# Help setting up 10k horizonal mount drive - bolt pattern?



## SuperTroye (Apr 30, 2019)

Hi All,
Getting around to finally setting up my 10k. It was a craigslist purchase. The model number is CL770A - serial number 28226KAR7 with a 4' bed. It has the 16 speed v-belt pulley and a taper attachment. My questions are mounting the countershaft assembly to the table, is there a bolt pattern I can use to drill the holes? It's not mounted in the pic below but I'm looking for the horizontal measurement from lathe legs to countershaft bolt holes.

Also, if anyone else has this lathe, what is the belt length from countershaft to spindle. The previous owner included a 44" belt but I don't know if that's the right size?


----------



## cbellanca (Apr 30, 2019)

This looks like my 9A SB.  Mine came in the same condition with no belt. Rather than remove the spindle and the drive pulley shaft I purchased a segmented belt. I set the adjustment rod to provide room for tightening. Installed the belt and moved the motor assembly to snug up the belt, checked for proper belt alignment and clamped it in place. marked the holes, moved the motor drive assembly and drilled the holes in the bench. I replaced the motor drive unit and bolted it in place. I used the belt tension bar to put the final tension on the belt. The belt has a funny sound but has not affected any machining operations. You can do the same thing with your 44" belt. However its a lot of work to remove the spindle.


----------



## lordbeezer (May 1, 2019)

Might not hurt to pull spindle and replace oil wicks .install belt at that time.not too hard.


----------



## martik777 (May 1, 2019)

I have the same and pretty sure my belt is 44" too.  The distance between the bed foot casting and countershaft foot casting is 12".  re/re the spindle is easy  and should be done to inspect and clean the wicks. I clean mine in paint thinner and them come out like new. 

Here's a video: 



I don't use the press out tool, just a wood or rubber mallet works fine.

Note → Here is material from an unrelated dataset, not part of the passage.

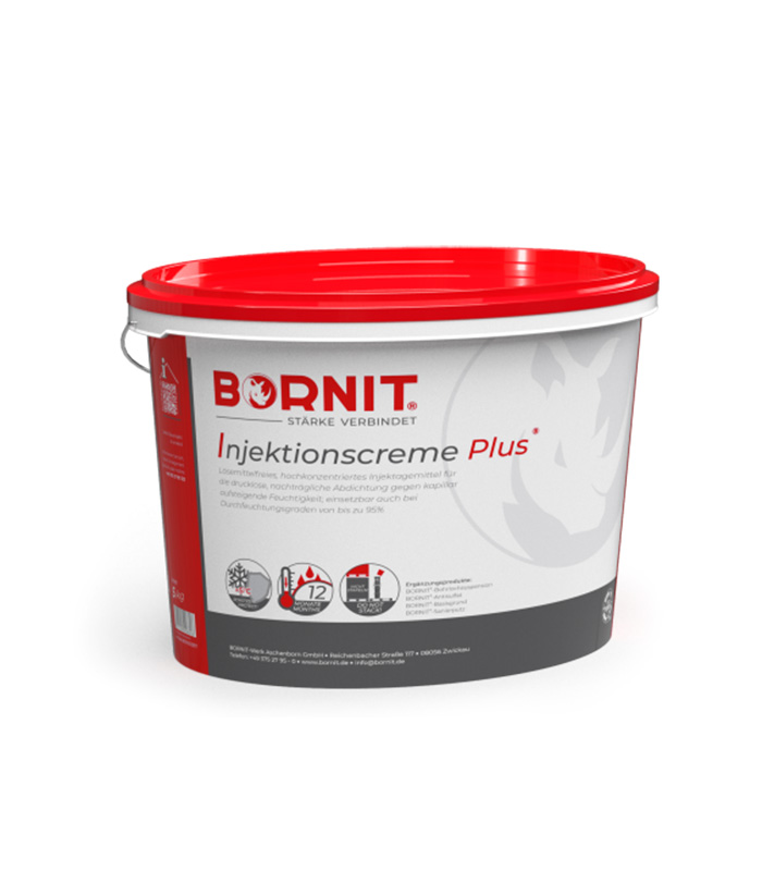 BORNIT®-Injektionscreme Plus wysokiej jakości, gotowy do użycia, wodnisty krem do iniekcji na bazie silanu. W murze prowadzi do hydrofobizacji kapilarów poprzez przenikanie nawet do najwyższych z nich.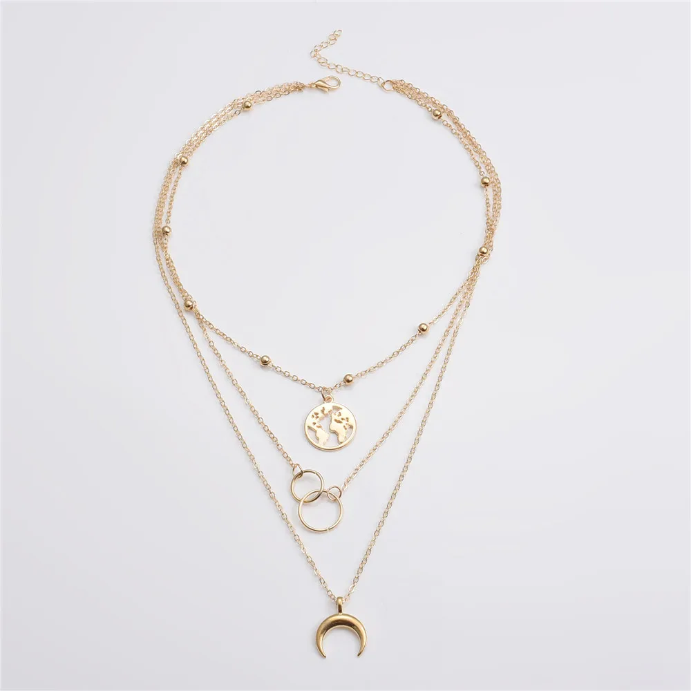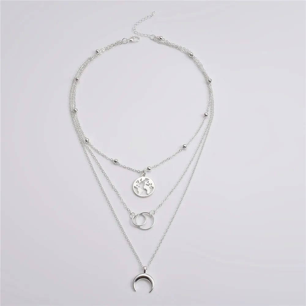 Модная винтажная Женская цепочка на шею, луна, Карта мира, кулон, серебряные цепочки, многослойное золотое ожерелье, ювелирные изделия для девочек

Remember to insert a small drill bit in the access holes above the oilers to keep the felt wicks down when re-inserting the spindle


----------



## cbellanca (May 1, 2019)

cbellanca said:


> This looks like my 9A SB.  Mine came in the same condition with no belt. Rather than remove the spindle and the drive pulley shaft I purchased a segmented belt. I set the adjustment rod to provide room for tightening. Installed the belt and moved the motor assembly to snug up the belt, checked for proper belt alignment and clamped it in place. marked the holes, moved the motor drive assembly and drilled the holes in the bench. I replaced the motor drive unit and bolted it in place. I used the belt tension bar to put the final tension on the belt. The belt has a funny sound but has not affected any machining operations. You can do the same thing with your 44" belt. However its a lot of work to remove the spindle.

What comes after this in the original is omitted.